**Your assignment:**
Where an image appears, leave it out; otherwise repeat the data exactly.

**Given material:**
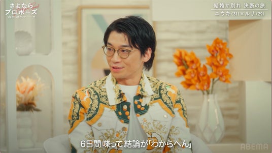 さらに、結婚に踏み切れないユウキ(30)と、30歳までの結婚を願うルナ(29)のカップルも、決断の日を前に波乱の展開を迎えます。ユウキは「結婚して幸せになるイメージが湧かない。いつか稼げるようになったら、くらいにしか考えていなかった。でもこの旅では、結婚するか別れるかを選ばなければならない…今はまだわからない」と涙。この姿に、MCのさや香・新山も「6日間話し合って結論が『わからへん』って…(笑)。人間としての魅力、可愛げがすごすぎる」と思わずコメント。果たして、結婚と出産を望むルナは、苦悩するユウキにどのような言葉をかけるのか…?
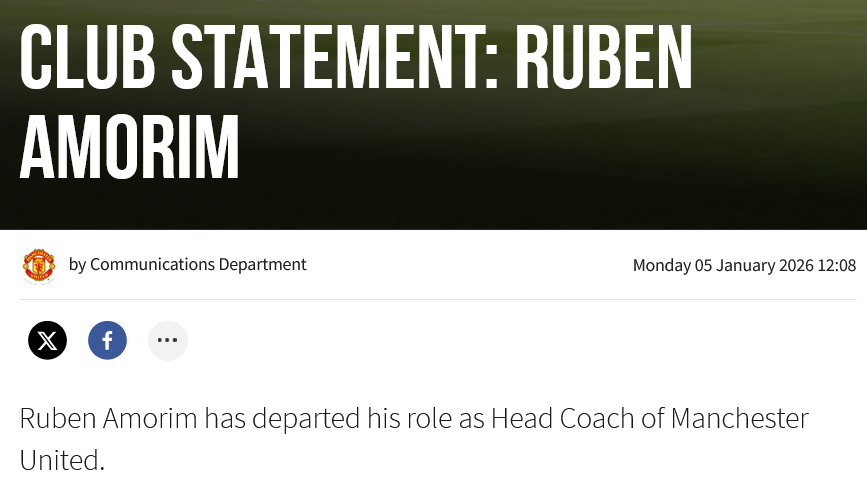 Ο Ρούμπεν Αμορίμ αποχώρησε από τη θέση του ως προπονητής της Μάντσεστερ Γιουνάιτεντ.
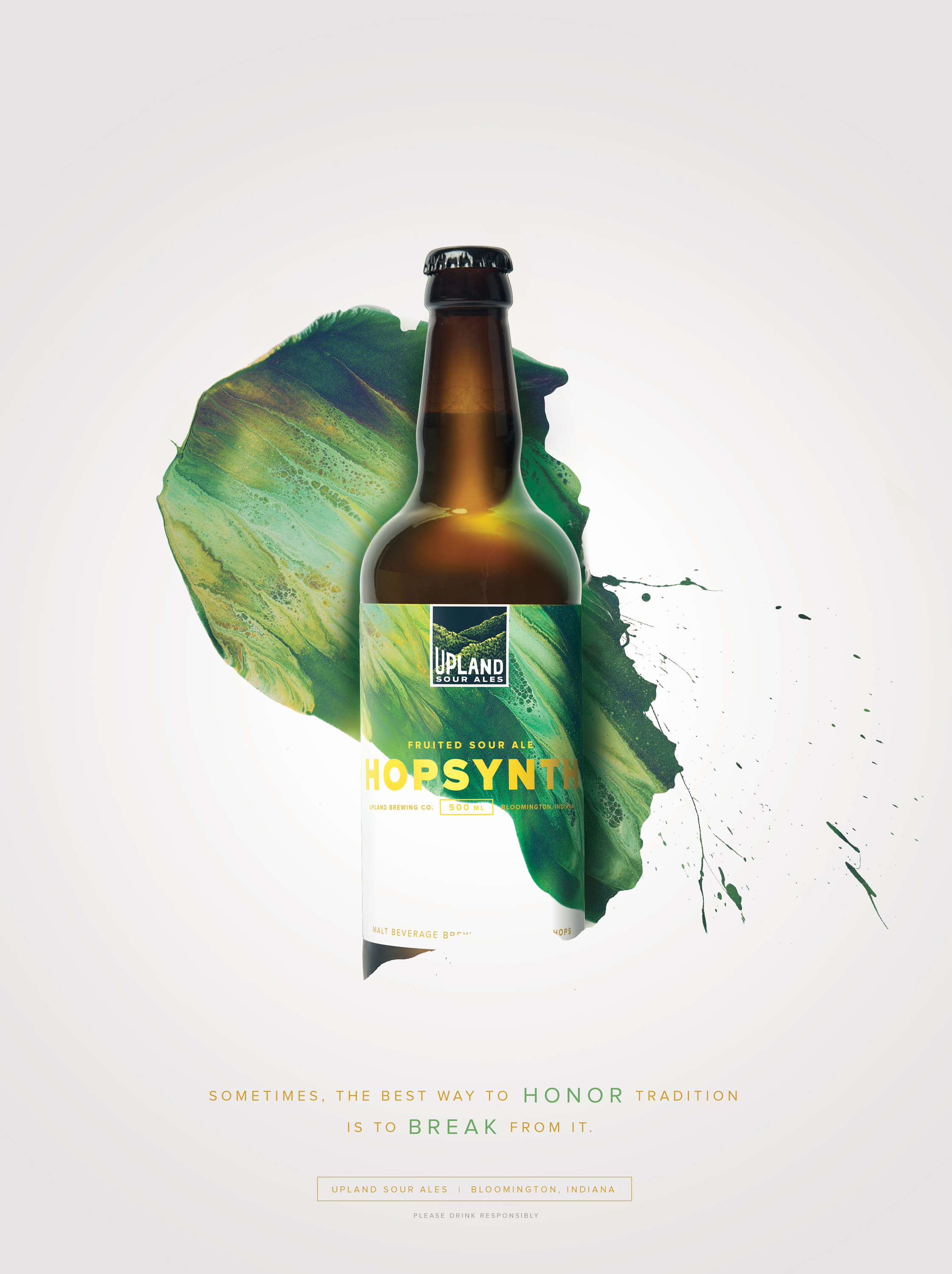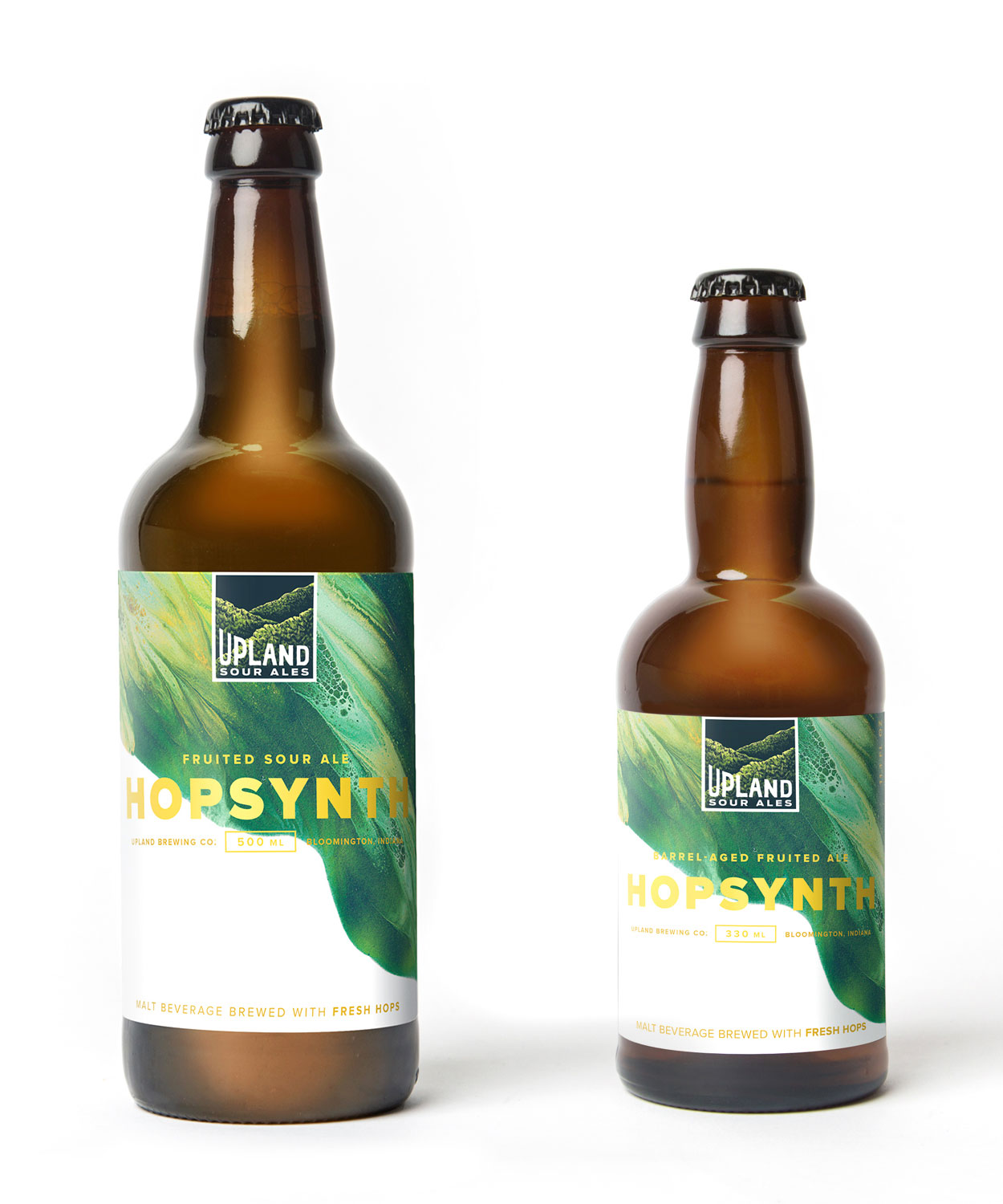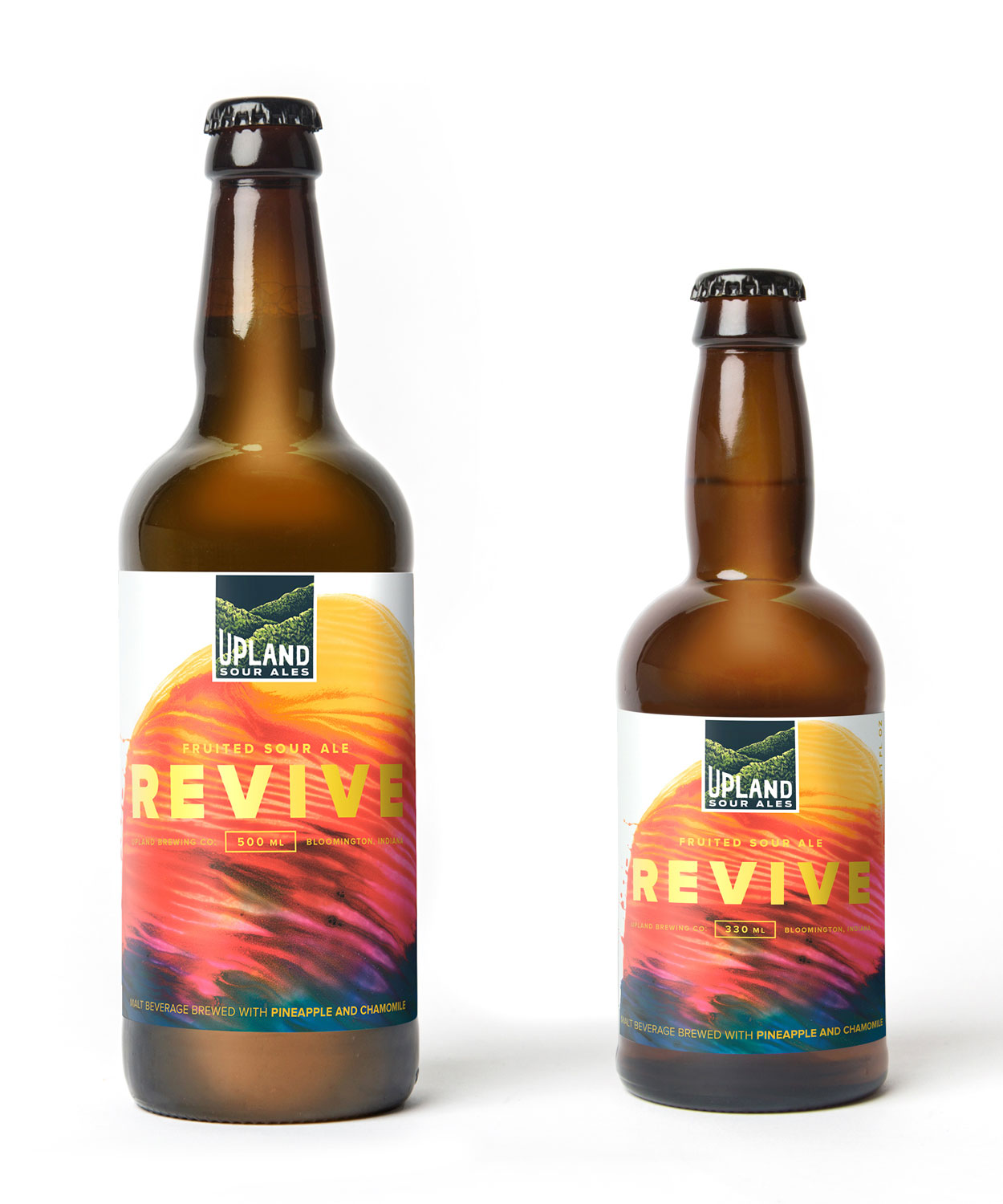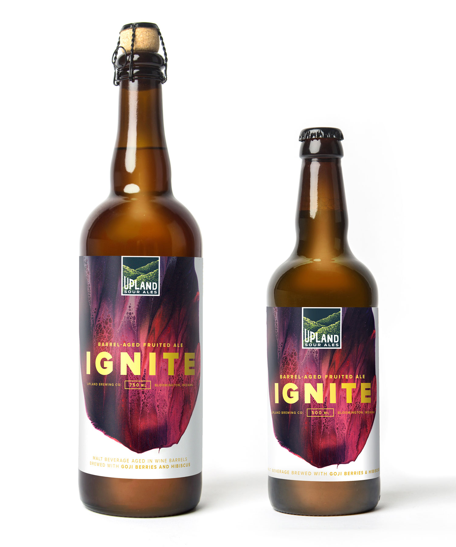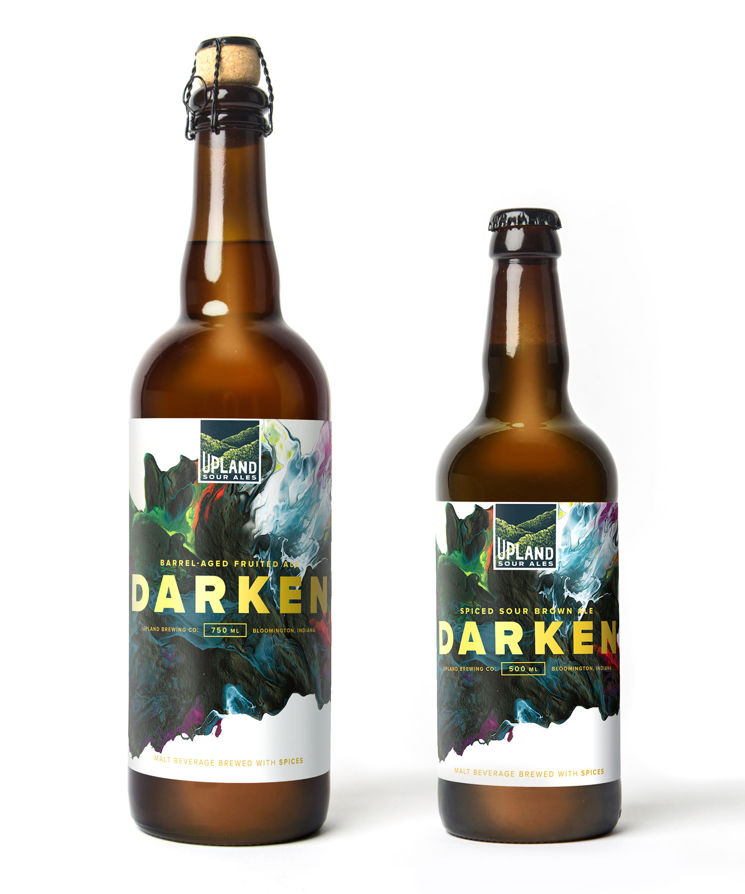 As we learned more about the brewing process, it became evident that a crucial part of what makes Upland’s sours so good is the careful blending of different batches to create a complex, yet balanced flavor profile. And so the idea of “blended works of art” was born—brought to life in packaging, print and collateral featuring artwork by .

**Task output:**
 さらに、結婚に踏み切れないユウキ(30)と、30歳までの結婚を願うルナ(29)のカップルも、決断の日を前に波乱の展開を迎えます。ユウキは「結婚して幸せになるイメージが湧かない。いつか稼げるようになったら、くらいにしか考えていなかった。でもこの旅では、結婚するか別れるかを選ばなければならない…今はまだわからない」と涙。この姿に、MCのさや香・新山も「6日間話し合って結論が『わからへん』って…(笑)。人間としての魅力、可愛げがすごすぎる」と思わずコメント。果たして、結婚と出産を望むルナは、苦悩するユウキにどのような言葉をかけるのか…?
 Ο Ρούμπεν Αμορίμ αποχώρησε από τη θέση του ως προπονητής της Μάντσεστερ Γιουνάιτεντ.
 As we learned more about the brewing process, it became evident that a crucial part of what makes Upland’s sours so good is the careful blending of different batches to create a complex, yet balanced flavor profile. And so the idea of “blended works of art” was born—brought to life in packaging, print and collateral featuring artwork by .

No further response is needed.